One of Solvay's strategies was to get doctors to rethink the idea that the cutoff between normal and low was 300. Instead, company sales documents discussed what was called "andropause," a condition akin to menopause.
The FDA had addressed the andropause issue before. In 2000, when reviewing the drug's advertisements, the FDA told the AndroGel's maker that "claims and representation that suggest that AndroGel is indicated for men with 'age-associated' hypogonadism or 'andropause' are misleading." The drug, the FDA said, was only approved for men with hypogonadism.
In a 2001 sales memo from the company's Mid-Atlantic region, however, a company official suggested that might be too restrictive, the lawsuit says. If a patient's testosterone had dropped over time - even if it still was in the normal range - then he might need AndroGel, documents show.
"We can help write a new paradigm. One that captures both the andropausal male, as well as the hypogonadal male," a sales document said, according to the lawsuit.

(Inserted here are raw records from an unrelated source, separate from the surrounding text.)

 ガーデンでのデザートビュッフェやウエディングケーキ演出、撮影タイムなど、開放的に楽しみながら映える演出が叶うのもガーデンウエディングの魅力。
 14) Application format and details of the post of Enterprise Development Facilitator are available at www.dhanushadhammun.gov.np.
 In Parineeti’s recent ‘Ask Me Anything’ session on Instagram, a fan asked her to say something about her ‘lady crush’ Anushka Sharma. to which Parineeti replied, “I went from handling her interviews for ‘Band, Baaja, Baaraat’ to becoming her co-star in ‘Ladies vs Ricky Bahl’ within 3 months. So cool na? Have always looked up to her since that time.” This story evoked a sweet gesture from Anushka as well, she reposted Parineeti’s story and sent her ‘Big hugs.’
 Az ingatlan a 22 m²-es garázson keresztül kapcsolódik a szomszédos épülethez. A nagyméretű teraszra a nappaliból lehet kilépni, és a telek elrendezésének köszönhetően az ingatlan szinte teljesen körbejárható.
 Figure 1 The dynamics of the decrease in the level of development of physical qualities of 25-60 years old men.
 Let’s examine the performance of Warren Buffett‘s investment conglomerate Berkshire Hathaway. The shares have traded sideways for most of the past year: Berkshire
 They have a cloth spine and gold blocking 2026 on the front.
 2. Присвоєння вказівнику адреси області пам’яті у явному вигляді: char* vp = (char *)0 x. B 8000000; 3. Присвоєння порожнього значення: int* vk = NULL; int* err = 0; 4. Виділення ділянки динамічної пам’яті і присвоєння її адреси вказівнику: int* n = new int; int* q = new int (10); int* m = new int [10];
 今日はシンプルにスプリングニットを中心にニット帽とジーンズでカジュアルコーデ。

Sales reps were told to ask doctors to examine how far a man was "from the top of the normal range, rather than how close he is to the bottom of it."

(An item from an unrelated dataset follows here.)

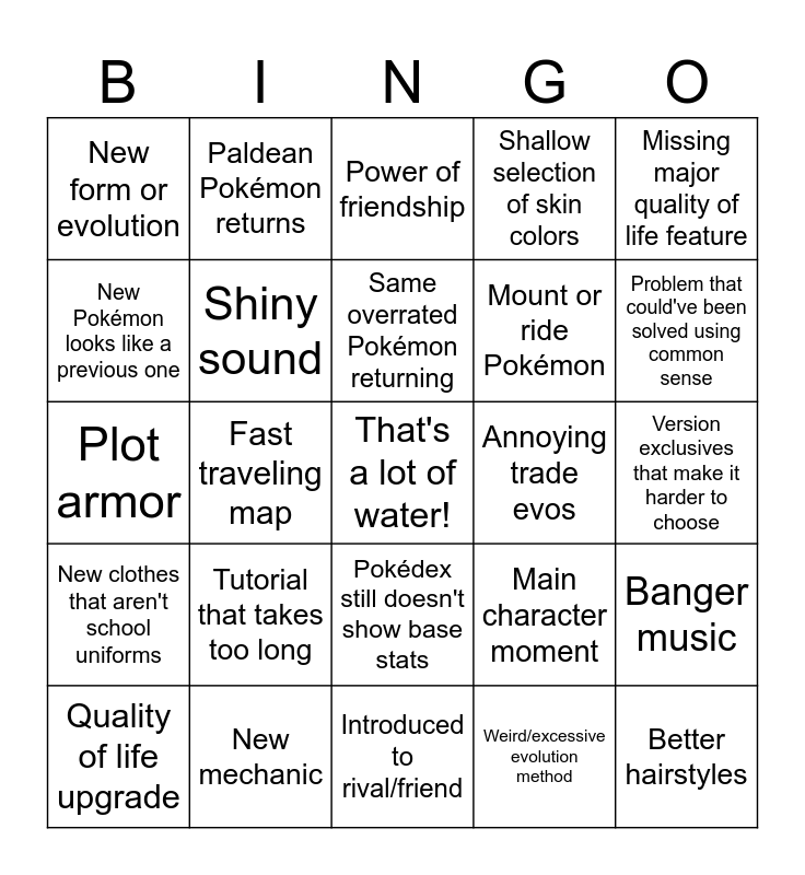 This bingo card has a free space and 24 words: Tutorial that takes too long, New mechanic, Same overrated Pokémon returning, Quality of life upgrade, Missing major quality of life feature, New form or evolution, New Pokémon looks like a previous one, Paldean Pokémon returns, Annoying trade evos, Pokédex still doesn't show base stats, Mount or ride Pokémon, Plot armor, Main character moment, Banger music, Shiny sound, Weird/excessive evolution method, Version exclusives that make it harder to choose, Power of friendship, Problem that could've been solved using common sense, Fast traveling map, Better hairstyles, New clothes that aren't school uniforms, Shallow selection of skin colors and Introduced to rival/friend.

Beyond the message itself, Solvay used a range of tactics to connect with and convince doctors to prescribe the three drugs in the lawsuit.
According to court records, Solvay paid doctors between $150 and $1,000 for "preceptorships," which allowed drug sales representatives to shadow them for a day; held "Lunch-N-Learn" programs, where sales representatives brought food into physicians' offices and would proceed to give them pitches for their drugs; and held "Dine-N-Dash" programs that allowed doctors to pick up a fancy dinner as long as they listened to a short pitch.
In a memo to people on his sales team, King - the former sales rep involved in the lawsuit - laid out the rationale for such "peer influence programs."
"Here is the bottom line with these programs: THEY WORK. They have worked in a big way in the Houston district and the recent feedback from Raleigh is extremely positive. Think about it ... the doctor is away from the office, not stressed, and he is getting to do something nice for himself and his family."
If successful, King and another plaintiff could get a cut of any drug-company payout.
In a recent court reply, attorneys representing the drugmaker scoffed at the allegations of a "decade-plus, multi-drug, nationwide scheme of False Claims Act violations. ... Despite page after page of narrative about these purported 'schemes,' (the lawsuit) offers no particularized allegation of false claims that (Solvay) 'caused' anyone to submit by improperly promoting a drug off-label, paying a kickback, or 'manipulating' a diagnosis code."